In contrast to nonspecific immunity, specific immunity is ready to respond using both T and B lymphocytes to provide immunological “memory”— a greatly enhanced response to re-exposure. The adaptive immune response matures through the growth of the immune system arsenal, which develops the most effective responses against specific invaders as each is encountered. An important hallmark of the adaptive immune response is this “memory.” Individuals who survive diseases such as measles, mumps, or diphtheria generally never develop these acute diseases again. They “learn” the secrets of the pathogen or parasite in hours and begin a counterattack. Vaccines can prevent these diseases by exposing a person’s immune system to weakened or killed forms of the causative microbe or its products. Some diseases can be contracted repeatedly, but this phenomenon generally results from the causative agent’s ability to evade the host’s defenses. The acquired immune response also has molecular specificity. The response that protects an individual from developing symptoms of measles does not prevent the person from contracting a different disease, such as chickenpox. The immune system can also discriminate between healthy “self” (your own “normal” cells) and “non-self,” such as invading bacteria and toxins. Without this ability, the immune system would routinely turn against the body’s own cells, attacking them as invading microbes.

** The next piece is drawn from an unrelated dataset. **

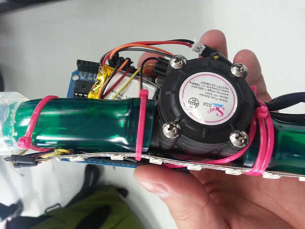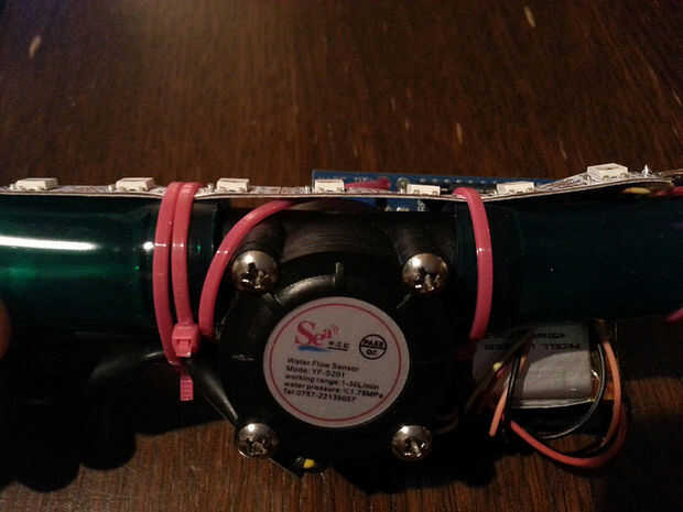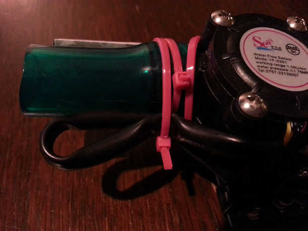 Colocar los dos tubos (verde) para el sensor de flujo, con el adaptador en la parte superior.

The course of infection may be separated into several separate phases. After about a week or more of first exposure to a given microbe or antigen, clonal selection of lymphocytes is generated. During this delay, the host depends on the protection provided by innate immunity, a critical prerequisite for the adaptive immune response. This first highly specific response to a particular antigen is called the primary immune response. As a result of that initial encounter, the adaptive immune system is able to “remember,” via immunological memory, that specific antigen. When the same antigen is encountered later in life, there is an enhanced antibody response called the secondary immune or anamnestic response. The efficiency of the secondary response reflects the immunological memory of the immune system “learned” from the first encounter. The anamnestic response comes from the Greek anamnesis, meaning “for recollection.” Memory cells bring the recollection of past threats for both active (long-term) immunity against most pathogens and for some passive immunity (short-term and passing away).
The adaptive immune response uses two basic strategies for countering antigens. One response, humoral immunity, works to eliminate extracellular antigens via specific immunoglobulin antibodies, targeting bacteria, toxins, or viruses in the blood plasma, lymph, or fluids surrounding tissues. The other response is called cellular immunity or cell-mediated immunity (CMI) that involves specifically sensitized T lymphocytes and macrophages (APCs, antigen presenting cells). Cellular immunity deals with antigens residing within a host cell, such as a virus that has infected a cell by way of the major histocompatibility complex or MHC. Humoral and cellular immunity are both powerful, and if misdirected, they can cause great damage to the body’s own tissues (an autoimmune response). Because of this, the adaptive immune response is tightly regulated; each B and T lymphocyte, the primary participants in the adaptive response, requires a “second opinion” from a different type of cell (macrophages releasing cytokines) before it can unleash its power.
The cornerstone of specific immunity is a set of primed or specifically sensitized lymphocytes, along with antibodies. The lymphocytes are distributed throughout the body comprising the lymphoid or lymphatic system. Lymphocytes are small cells, about 7 to 12 µm in diameter, each with a large ovoid-to-round nucleus taking up almost the entire cytoplasm (fig. 1). Electron microscopy reveals that villi cover most of the surface. Under a light microscope, all lymphocytes look similar, varying in the cytoplasm. On the basis of developmental history of cellular function and unique biochemical differences, two types of lymphocytes can be distinguished: B lymphocytes and T lymphocytes. B lymphocytes are largely responsible for humoral immunity, while T lymphocytes are primarily responsible for CMI. In humoral immunity, antibodies provide resistance to disease, while in CMI, specifically sensitized T lymphocytes provide resistance through direct cell-to-cell contact via APCs.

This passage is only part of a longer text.